Conventional overbalanced drilling is not always feasible when drilling in critical reservoir conditions and narrow drilling windows. Managed pressure drilling offers a technical solution to the petroleum industry to explore complex geological formation. Early kick detection plays a vital role in offshore MPD, where kick volume tolerance is crucial. In this manuscript, environmental variables for gas kick and different kick detection methods discussed systematically. However, considerable uncertainty is involved in kick warning sign in terms of reservoir type, geological nature, drilling depth and orientation. This study summarized different early kick detection warning signs with their significance level. In any drilling operation, the response to kick should be appropriately stated based on the kick intensity and propagation rate along the wellbore. Different responses to kick and kick mitigation algorithms for MPD are systemically analyzed in this study. Several alternative responses to kick during MPD are available, but each response to kick has its limitations. Four responses (i.e. shut-in well, modified pump shutdown method, increasing casing pressure, and increasing the pump rate) are to be more efficient than others.
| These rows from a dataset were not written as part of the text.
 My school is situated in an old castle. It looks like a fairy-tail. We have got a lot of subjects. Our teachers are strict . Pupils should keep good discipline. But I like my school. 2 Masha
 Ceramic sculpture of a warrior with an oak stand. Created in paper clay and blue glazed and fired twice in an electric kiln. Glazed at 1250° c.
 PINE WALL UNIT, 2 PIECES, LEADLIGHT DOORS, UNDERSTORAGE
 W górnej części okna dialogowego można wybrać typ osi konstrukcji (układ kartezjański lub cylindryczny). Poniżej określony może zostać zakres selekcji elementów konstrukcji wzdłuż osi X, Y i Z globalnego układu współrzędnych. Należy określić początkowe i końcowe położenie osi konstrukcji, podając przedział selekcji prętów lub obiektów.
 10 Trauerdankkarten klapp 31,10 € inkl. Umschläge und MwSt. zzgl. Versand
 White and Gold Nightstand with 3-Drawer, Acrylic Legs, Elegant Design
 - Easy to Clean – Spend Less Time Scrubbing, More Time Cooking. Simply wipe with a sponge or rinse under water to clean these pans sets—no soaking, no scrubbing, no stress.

Researchers proposed different decision- making trees for kick response; however, a single decision-making criterion for kick response cannot be applied in all drilling environments. Therefore, this work suggests further improvement in managing kick response behaviour. Finally, this work summarizes recent progress and scope for further studies in the drilling methods. Future research should focus on the recent progress of advanced machine learning methods, and geologically challenging HPHT well and hydrate reservoir. A CFD study can be used to simulate gas kick behaviour in the wellbore at the different drilling conditions.